While there is always room for more research, for now I would say this: drinking green tea is a simple, cheap and safe intervention for these of us who want to protect their cognition. It is pleasurable, to boot. How many medical interventions that are actually pleasant can you name of the top of your head?
All kinds of tea will give you the benefit. Green, black and oolong teas come from the same plant, Camellia sinensis. They are just processed differently. Green tea, because it contains just dried leaves (as opposed to withered and fermented leaves of oolong and black tea), retains the highest amount of antioxidants and relatively little caffeine.

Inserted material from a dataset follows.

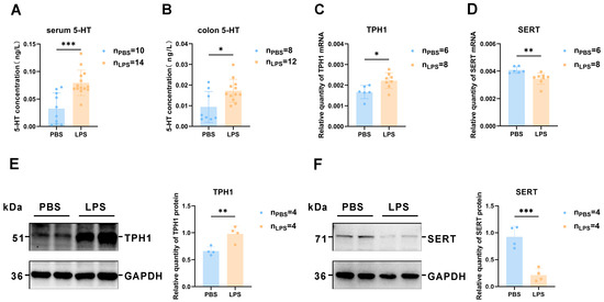 The levels of serotonin and changes in TPH1 and SERT expression levels in the serum and colon of offspring rats between the LPS and PBS treatment groups during the gestational period. (A) Concentration changes in serotonin in the serum of offspring rats between the LPS and PBS groups by ELISA (n = 10 for PBS, n = 14 for LPS). (B) Concentration changes in serotonin in the colon of offspring rats between the LPS and PBS groups by ELISA (n = 10 for PBS, n = 14 for LPS). (C,D) The mRNA expression levels of TPH1 and SERT in the mPFC (n = 6 for PBS, n = 8 for LPS). (E,F) The protein expression levels and their quantification analysis of TPH1 and SERT in the colon (n = 4 per group). Values are expressed as mean ± SD. Student’s t-test, * p < 0.05, ** p < 0.01, *** p < 0.001.

When you brew your green tea, bear these few things in mind:
- according to a watchdog group ConsumerLab, Chinese green tea may be contaminated with lead and other heavy metals. Being labeled as “organic” may not matter. Tea imported from Japan has been shown to have less contamination.
- you will get most of your beneficial catechins, especially EGCG from powdered matcha tea, as opposed to tea bags. Bottled green tea hardly contains any EGCG at all.
- gyokuro (jade dew) tea, specially grown in shade for last 2 weeks before harvest, seems to have the most EGCG from all green teas. It also has a fuller flavor. Accordingly, expect to pay much more than for regular green tea.to improve taste, follow the suggested water temperature and steeping time. Brewing green tea for too long in water that is too hot will result in greater release of tannins, resulting in bitter-tasting tea. Most green teas require water temperature of 180° F and steeping time of no longer than 3 minutes.
Have you ever wondered why in US we drink relatively little tea as compared with other parts of the world? Like most things that make you scratch your head in wonder, it was politics. Yep, you guessed it: the British Tea Act and Boston Tea Party. Have you known, that after American Revolution drinking tea was considered unpatriotic? It made a powerful statement then, but… it’s been over 230 years since proclamation of Tea Act. Time to get over this particular grudge and our national prejudice against tea and rip its many benefits.